Pacific Reflections By Gabriel McCoard


The acronym has a nice ring to it. Perhaps it’s the “K.” It makes me think of a large island-bound bird that is now extinct.

It stands, of course, for the security through submarine pact between Australia, the United Kingdom, and the United States. I mean, per U.S. Secretary of Defense Lloyd Austin III’s Sept. 15 statement commemorating the second anniversary of AUKUS, a “once-in-a-generation partnership” to “break down barriers to strengthen cooperation” between the three nations, and most importantly, their military-industrial-complexes.

I was naively under the impression that, despite the occasional ripple, Australia, the U.K. and the U.S. were pretty strong allies, but I digress. Granted, there is the issue that commonwealth law degrees are acceptable credentials for employment throughout much of the American umbrella while American Juris Doctors don’t receive that same treatment in the remainder of the Indo-Pacific, but again, I digress.

AUKUS coincides with the torpedoing – pardon the naval pun – of a $66 billion deal whereby France would provide Australia with diesel-powered submarines.

That’s right. Diesel.

Despite France’s nuclear capabilities, nobody wants a diesel submarine, so after an almost $586 million handshake with French suppliers, the two nations agreed to still be friends. New Caledonia remains a critical concern in the Pacific. And baguette is intangible cultural heritage.

I have no shame in saying that a world without baguette is a world I don’t want to live in.

As is the case throughout the Pacific, Australia is non-nuclear. In 1970, it even signed the UN’s Treaty on Non-Proliferation of Nuclear Weapons. Given the anti-nuclear composition of much of the region, the idea that a signatory to non-proliferation could enter into technology exchanges with established nuclear powers led to much handwringing, not so much about Australia, but the idea that the deal ushered in the slippery slope of nuclear powers proliferating all things nuclear with non-nuclear powers.

Nuclear weapons and nuclear power are different creatures, however, and Australia has been adamant that these submarines will not carry nuclear armaments.


Not to mention the enduring question of whether violating a UN treaty will actually deter a nation.

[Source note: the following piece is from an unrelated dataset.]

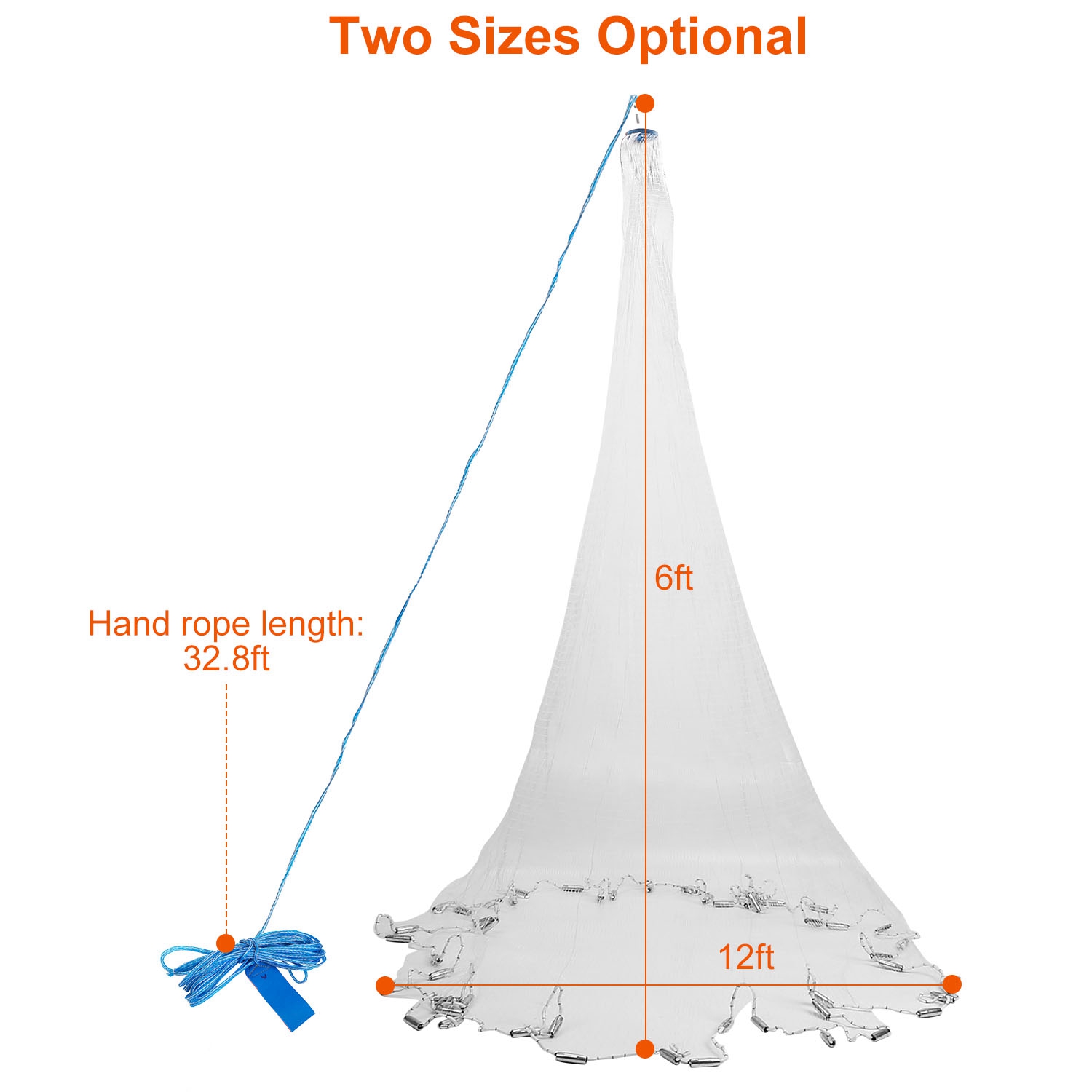 • 3/8in Mesh Cast Net:The 3/8in mesh is sufficient to catch various species with no escape, such as pike, carp, and trout. Catch a large number of various fish with each net that you cast, easy and funny.

I understand nuclear anxiety. The nuclear industry has not exactly inspired confidence. Deliberate exposure and experimentation.

But there’s also a lot of baseless paranoia. Radiation scares people in a way that carbon and coal dust don’t, climate change protestors aside.

But let’s turn north a few degrees to the ongoing saga of increased funding for the COFA republics.

On the same day that the U.S. Department of Defense celebrated a milestone, Palau’s Island Times observed a different milestone: fees from Palau’s digital citizenship, which allows foreigners to trade cryptocurrencies and sign documents, more or less, reached $1 million in revenue.

Wonderful news.

The compact is working. COFA Republics are internally developing their own economies.

Let me propose something: The U.S. should reduce its assistance to Palau by $1 million annually.


The purpose of U.S. aid, after all, was to help Palau develop its economy into something resembling self-sufficiency, wasn’t it?

It worked, especially in Palau. Palau is the envy of the region. Foreign investment, ample tourism, worldwide media attention. If this continues, placing itself at the intersection of global innovation and commerce will only increase revenues. The nation will be less reliant on foreign labor and its children can move home. The Micronesian diaspora and its accompanying consternation can come to an end. Forget about remittances.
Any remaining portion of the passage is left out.